Members of IPOB often refer to themselves as ‘Umu Chineke’ or ‘Umu Chineke’, or ‘Umu Chukwu Okike Abiama’, which translates to ‘Children of God’.

In August 2019, Ike Ekweremadu, a serving senator from Enugu state was beaten up by Biafra agitators (who all have Nigerian descent) in Nuremberg at an event put together by 'Ndigbo Germany'.

IPOB claimed responsibility for the attack and said it “should serve as a warning” to Igbo leaders. Unlike how such assaulters go scot-free in Nigeria, four IPOB members involved in the assault were prosecuted by German authorities.

On many occasions, proponents of the group have accused the Nigerian government of intolerance of dissent, but these separatists are also guilty of the same.
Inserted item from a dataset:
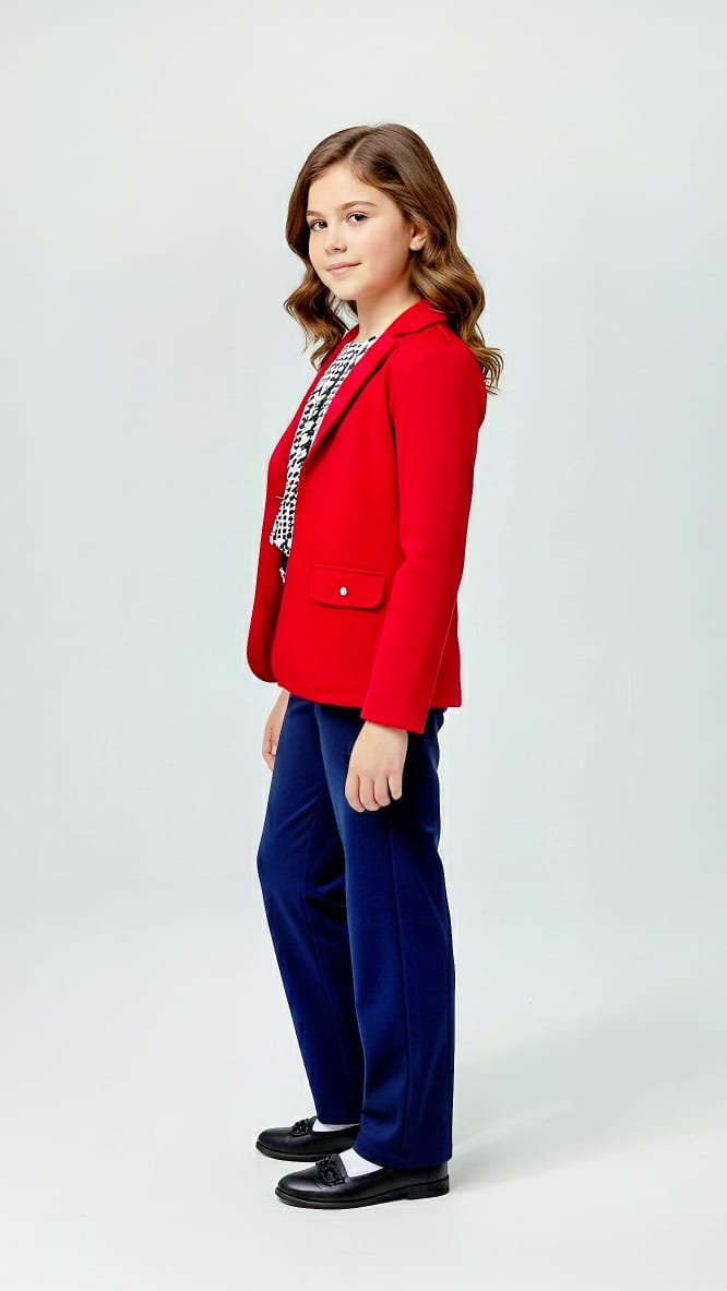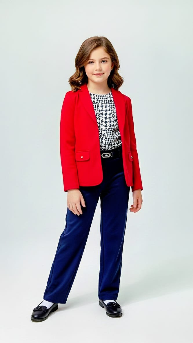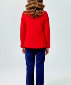 Elegant and stylish girls formal blazer set featuring a premium red blazer, printed top, and matching pants. Perfect for parties, functions, and special occasions, this outfit offers a smart look with all-day comfort and a modern fit.

A young man told this reporter how he was almost physically assaulted, in 2018. The instigation was his refusal to give support to IPOB. At the height of Nigerian Army’s ‘Operation Python Dance’, he had gone for lunch at a restaurant in Enugu State, South-East Nigeria, random people started discussing politics, and he joined in. What followed was an attack.

“I was verbally attacked, and was almost physically assaulted. This was in 2018 before IPOB became the menace they are today. Then, many people weren’t even really aligned with IPOB, many just wanted out of Nigeria,” the man who opted against mentioning his name citing his own personal safety explained.

Nigerian separatists

Separatists-inspired death threats are terrorising fellow citizens. Fredrick Nwabufo, a columnist, journalist and thought leader, has long been getting online death threats from members of IPOB.

He first had a brush with the banned group in June 2019 when he wrote an article asking the south-east to cooperate on security with Miyetti Allah, an advocacy group that promotes the welfare of pastoralists in Nigeria. Irked by the article, IPOB members sent threats. In 2020, he decided to file a petition to Nigeria’s secret police, the Department of State Services (DSS) when the threats escalated. During an interview with AFP Fact Check on August 14 of that year, the journalist stated that the movement’s supporters see President of Nigeria, Muhammadu Buhari as an obstacle to the “realization of their separatist goals”, and employ the body-double narrative to “de-legitimise” the Buhari administration.

This did not sit well with the group, and Kanu issued threats in one of his routine broadcasts.

“Friends and family in the south-east have been calling me to inform me that IPOB is looking for me. They also expressed fear for their own safety. This is one threat too many. Members of IPOB had issued similar threats before. But this is more targeted – with my photo and an insidious message which has been circulated on social media by agents of the proscribed group.

“I have decided not to recline. The security agents will be involved this time,” Nwabufo said at the time.

Until now, the threats have not ceased – as apparent in the post above by an Instagram user, eugenco.co.org.or which Nwabufo shared on his Facebook page in July 2021.

Fredrick Nwabufo

In a chat with this reporter on 8 September, Nwabufo sees separatists’ threats as strong. “The threats are potent, but the antagonist may lack the capacity, chance or opportunity to carry out the threat. We are all too aware of the murderous activities of that separatist group (IPOB),” he said.

Death threats: Legal perspective

In most jurisdictions, death threats are a serious type of criminal offence. In Lagos for instance, Sections 5, 56 and 411 of the Criminal Law of the state, 2015 touches on this: Section 5 stipulates a six-month jail term for attempting to commit a misdemeanour, while Section 56 stipulates a one-year jail term for threatening violence.

Where there are immediate concerns regarding one’s safety, people are advised to submit a petition to the Police Force Headquarters, and agencies like the DSS and the National Human Rights Commission (NHRC).